Because of this intervention, nearly 7% of patients were able to receive needed psychiatric services. These patients wouldn't have been assessed, and it can be assumed that this population would have gone unrecognized in its need for psychiatric services. The data also demonstrated that 42% (5 of 12) of patients referred for services were elderly or over the age of 65. (Many illnesses place the elderly at risk for suicide. It's also important to note that most elderly patients who commit suicide visit a physician shortly beforehand, and many have clinically recognizable features of depression at that time.)7 Our pilot study suggests that patients screened for suicide risk on admission obtain increased opportunities to access resources and services for psychiatric needs.
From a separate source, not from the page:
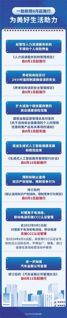 一批民生新规8月开始施行。从完善人力资源服务机构管理,到强化养老机构消防安全;从扩大适用个税优惠政策的商业健康保险范围,到规范生成式人工智能服务……法治,为美好生活助力。

Our study has several limitations. First, our suicide-screening tool wasn't tested for reliability or validity. Second, not all hospital admissions were screened, but only those admitted by the admission nurses. Third, the study was completed in a small community-based hospital for a short period, limiting generalizability. Finally, nurses' ability to communicate the screening questions in a nonthreatening manner so patients feel comfortable disclosing sensitive information may vary. Despite these limitations, screening of suicide risk on general hospital admissions is helpful for early identification. The screen identifies and offers services to patients who then have a choice to follow through on the recommendations.
Our pilot study suggests that screening suicide risk on admission to a general hospital helped identify patients in need of psychiatric services. Literature supports the use of suicide-screening tools on admission to the hospital, as doing so helps detect patients at risk and identifies patients who need further evaluation.